The search results you believed were implicitly tuned to some feedback mechanism slowly experience creep as the customer cohort changes and data distribution changes until before you knew it your management of the search solution is a ceaseless game of whack-a-mole siphoning off engineering resources at a rapidly increasing rate. It’s the same false promise of just having some engineers stand up Elastic Search.

Not all decisions are good decisions, it depends on who makes the call. In most cases, someone ask you to use a solution because it looks/feels better. In this case Algolia showed how fast and how well it could be implemented. Once the person who takes the decision is convinced it will be implemented. It's mostly marketing. Probably less than 1% of all e-commerce websites measures the impact of a decision.
I did say as much in my original post: Algolia and Rekognition are marketed at CTOs and directors of engineering who want to be sold on a magical line item that removes a whole concept area from their concern, especially one associated with the difficulty of hiring and affording good machine learning staff who can work on the problem both pragmatically and theoretically. They want to be sold a story.

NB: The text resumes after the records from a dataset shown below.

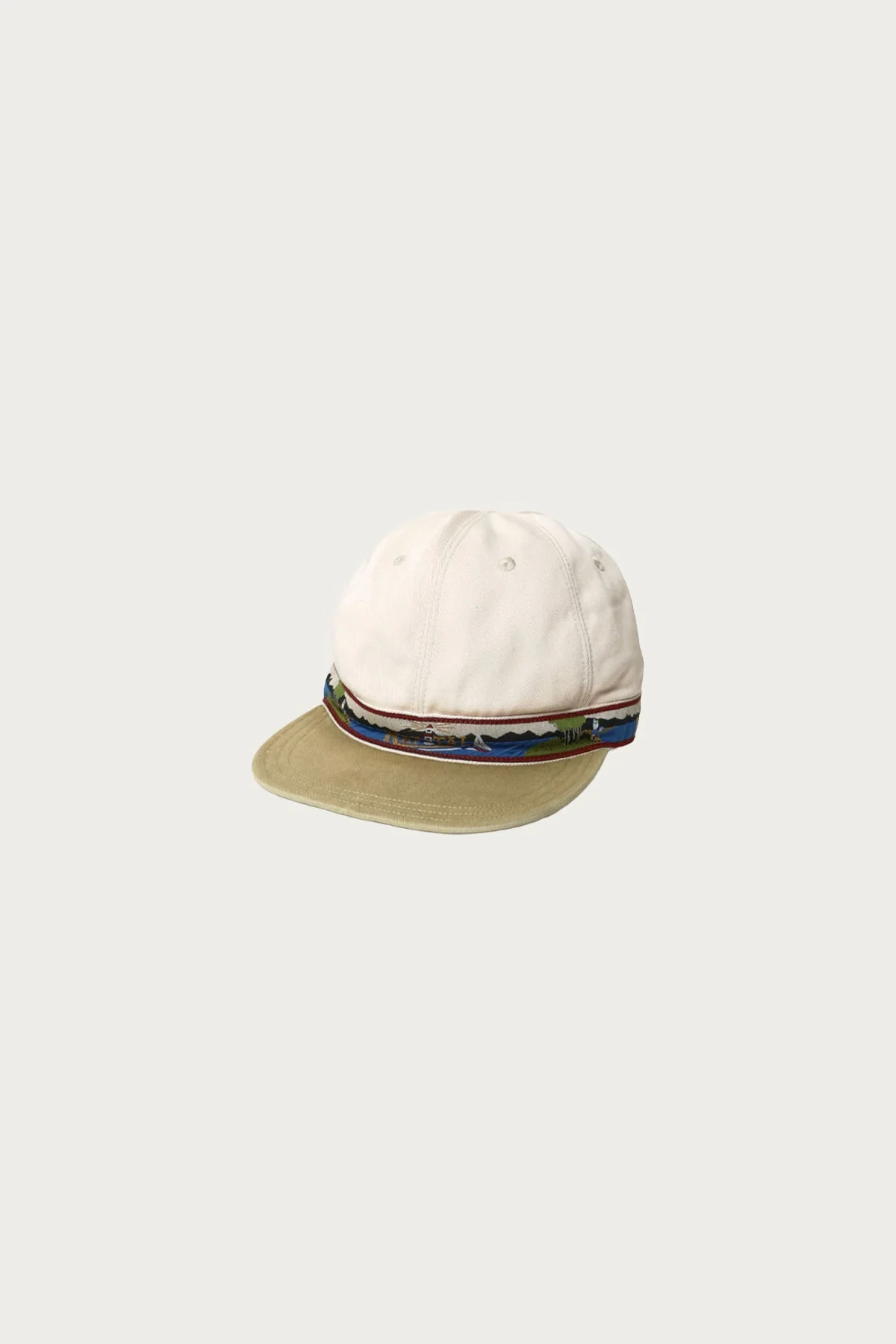 Kapital takes a classic ball cap shape and filters it through their signature playful Americana lens. With a warm beige brim and a storybook landscape band, this colorway brings a sun baked feeling to the silhouette. It reads vintage and well traveled right out of the box. The combination of earthy tones and playful details makes it one of those Kapital pieces that is charming without being loud. - Chino twill crown - Brim in washed beige - Woven landscape band - Six panel construction - Adjustable strap - Made in Japan
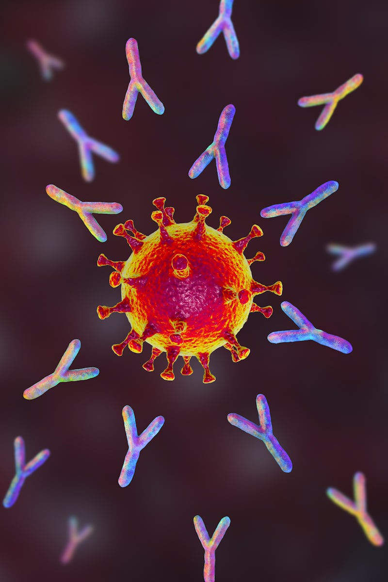 An artists' rendering of the coronavirus and antibodies, proteins produced by the immune system that can recognize it and declaw it.
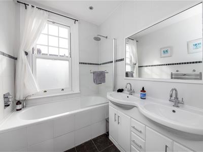 Grey tiled floor, large built in vanity unit with double wash basin, white double ended bath with shower over, glass shower screen, wall integrated shower controls and shower outlet, chrome heated towel rail, spot lights, double glazed sash window.
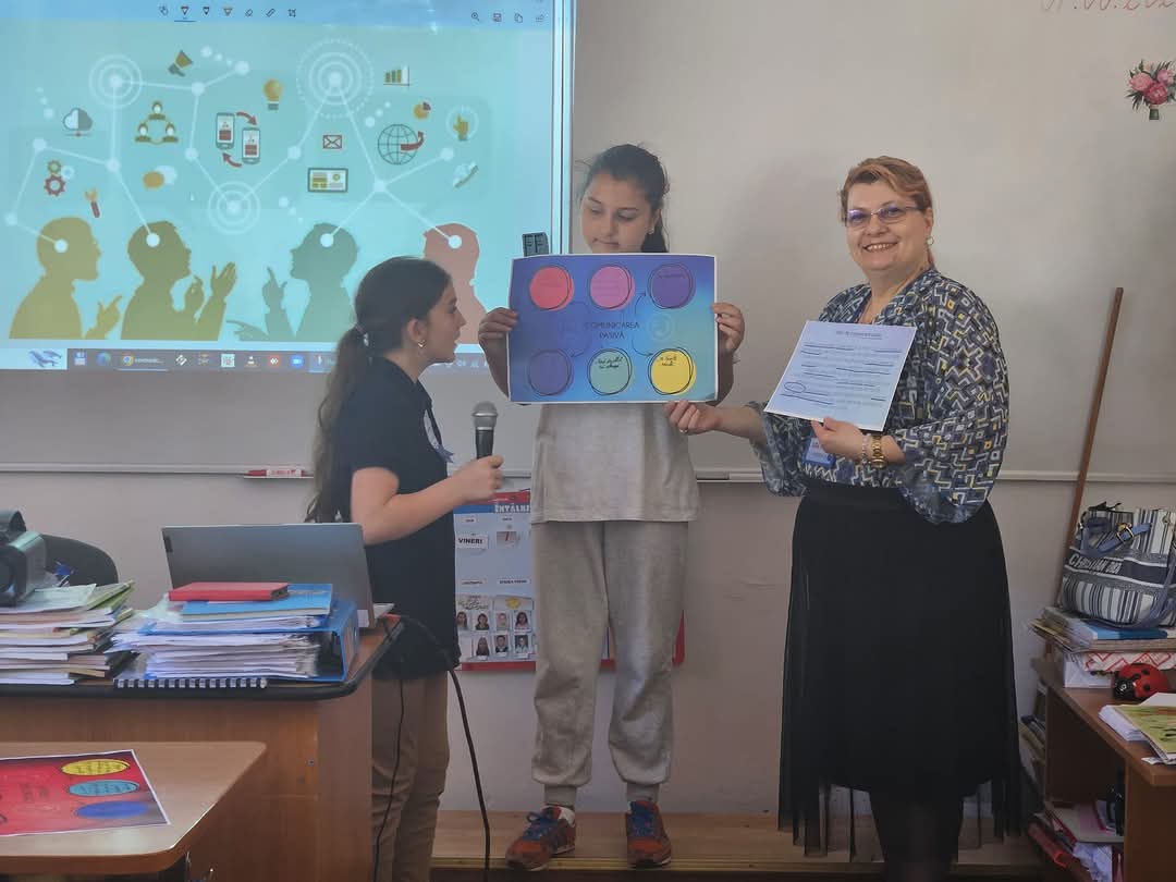 Astfel, am discutat despre comunicarea: asertivă, agresivă și pasivă. Elevii au învățat să recunoască diferențele dintre cele trei tipuri de comunicare și să înțeleagă importanța comunicării asertive în relațiile interpersonale. Pe parcursul activității, elevii au fost încurajați să-și exprime opiniile și să lucreze în echipă pentru a recunoaște caracteristicile principale ale fiecărui tip de comunicare. De asemenea, au purtat ecusonul și au folosit microfonul, acestea fiind simboluri ale proiectului.

I will say though that your 1% claim is way off in my experience (which includes 3 medium and large ecommerce companies). These companies employ armies of product managers and analytics staff that measure the shit out of everything from the color of a button to the size of font in a banner display for a discount promo code. These things aren’t usually measured because they find value, rather just to give the appearance of data driven decision making and justify job perpetuity.